DIRECTIONS FOR THIS TASK:
From the data that follows, set down exactly the lines from the one with "Camiseta Vans Salton" through the one with "Padded shirt-jacket in", counting both. Pictures stay out.

MATERIALS PROVIDED:

* * * * *

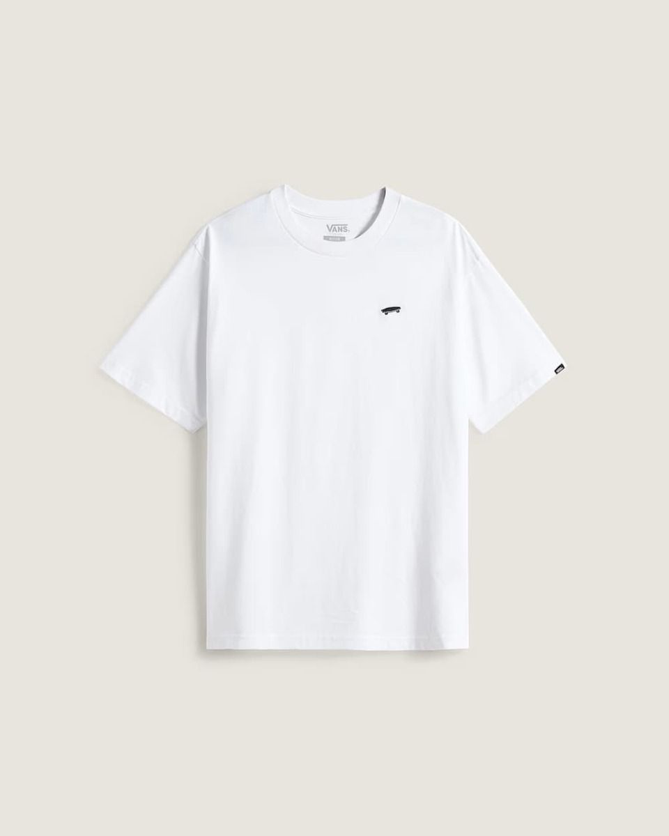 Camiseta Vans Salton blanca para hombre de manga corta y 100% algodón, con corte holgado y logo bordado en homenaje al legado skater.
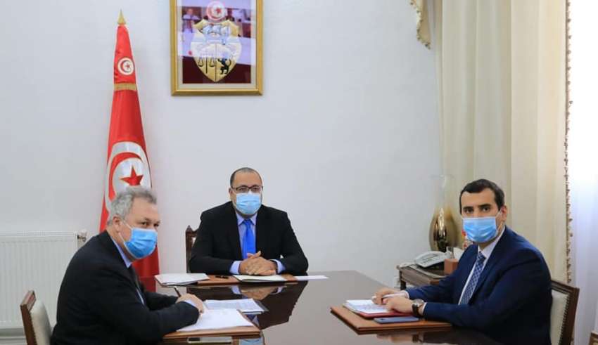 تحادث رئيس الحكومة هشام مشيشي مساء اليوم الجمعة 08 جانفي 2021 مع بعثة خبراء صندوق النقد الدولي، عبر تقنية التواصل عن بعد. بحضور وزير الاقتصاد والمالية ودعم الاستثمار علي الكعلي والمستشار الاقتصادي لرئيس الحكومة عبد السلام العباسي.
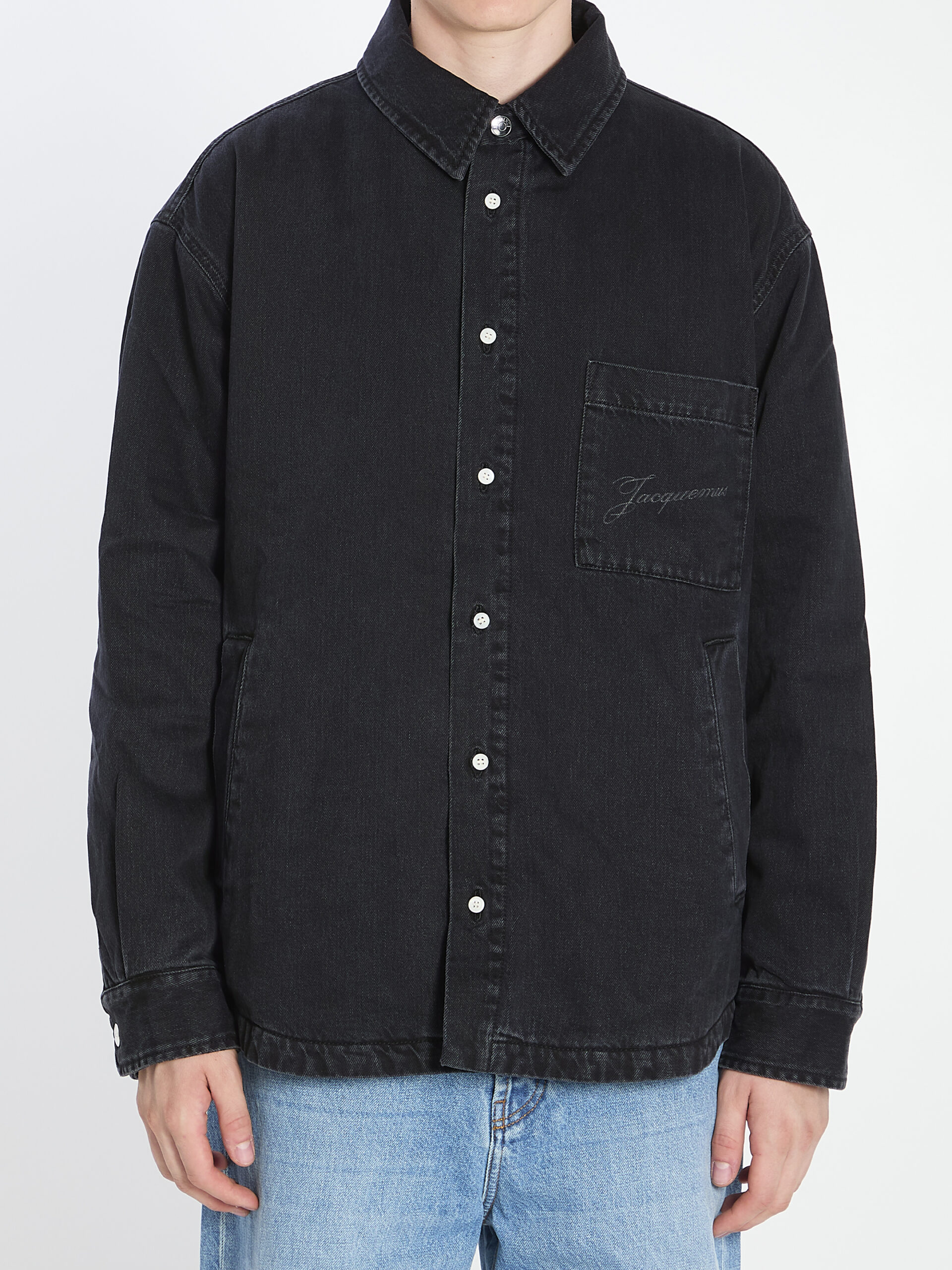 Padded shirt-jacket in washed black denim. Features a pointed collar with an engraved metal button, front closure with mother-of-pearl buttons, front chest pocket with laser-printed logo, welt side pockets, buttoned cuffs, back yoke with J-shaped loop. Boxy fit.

* * * * *

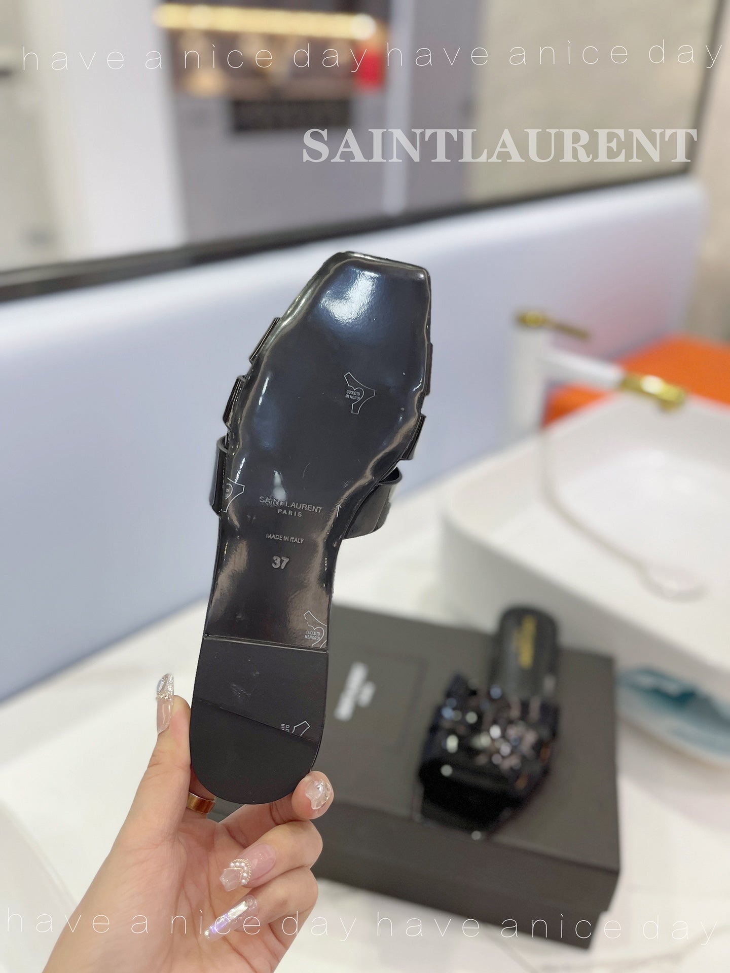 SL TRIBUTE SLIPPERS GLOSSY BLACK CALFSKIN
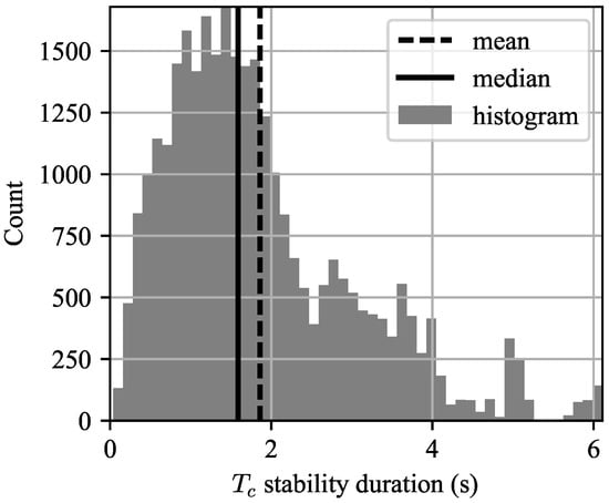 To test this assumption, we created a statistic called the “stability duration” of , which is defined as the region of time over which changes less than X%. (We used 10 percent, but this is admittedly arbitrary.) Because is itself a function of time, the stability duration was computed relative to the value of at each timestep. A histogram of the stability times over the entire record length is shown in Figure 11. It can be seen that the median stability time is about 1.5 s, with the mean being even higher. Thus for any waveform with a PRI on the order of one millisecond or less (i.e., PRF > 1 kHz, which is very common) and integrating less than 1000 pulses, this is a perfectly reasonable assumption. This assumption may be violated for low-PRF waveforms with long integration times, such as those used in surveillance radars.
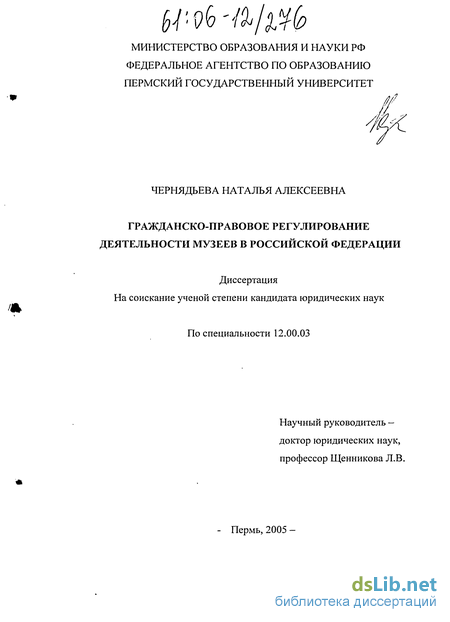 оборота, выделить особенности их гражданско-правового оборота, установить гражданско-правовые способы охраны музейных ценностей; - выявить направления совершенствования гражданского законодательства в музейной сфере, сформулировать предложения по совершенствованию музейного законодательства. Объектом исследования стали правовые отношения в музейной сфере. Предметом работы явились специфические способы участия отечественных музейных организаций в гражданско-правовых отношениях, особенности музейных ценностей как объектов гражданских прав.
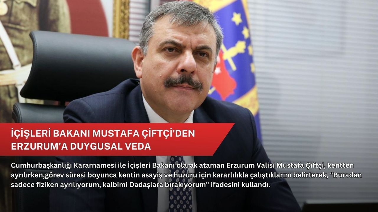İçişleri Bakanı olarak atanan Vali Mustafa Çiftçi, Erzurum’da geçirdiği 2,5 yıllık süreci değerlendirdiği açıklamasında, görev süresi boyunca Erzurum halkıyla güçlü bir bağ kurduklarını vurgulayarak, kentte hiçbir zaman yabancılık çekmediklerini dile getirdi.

* * * * *

ANSWER TO THIS TASK:
 Camiseta Vans Salton blanca para hombre de manga corta y 100% algodón, con corte holgado y logo bordado en homenaje al legado skater.
 تحادث رئيس الحكومة هشام مشيشي مساء اليوم الجمعة 08 جانفي 2021 مع بعثة خبراء صندوق النقد الدولي، عبر تقنية التواصل عن بعد. بحضور وزير الاقتصاد والمالية ودعم الاستثمار علي الكعلي والمستشار الاقتصادي لرئيس الحكومة عبد السلام العباسي.
 Padded shirt-jacket in washed black denim. Features a pointed collar with an engraved metal button, front closure with mother-of-pearl buttons, front chest pocket with laser-printed logo, welt side pockets, buttoned cuffs, back yoke with J-shaped loop. Boxy fit.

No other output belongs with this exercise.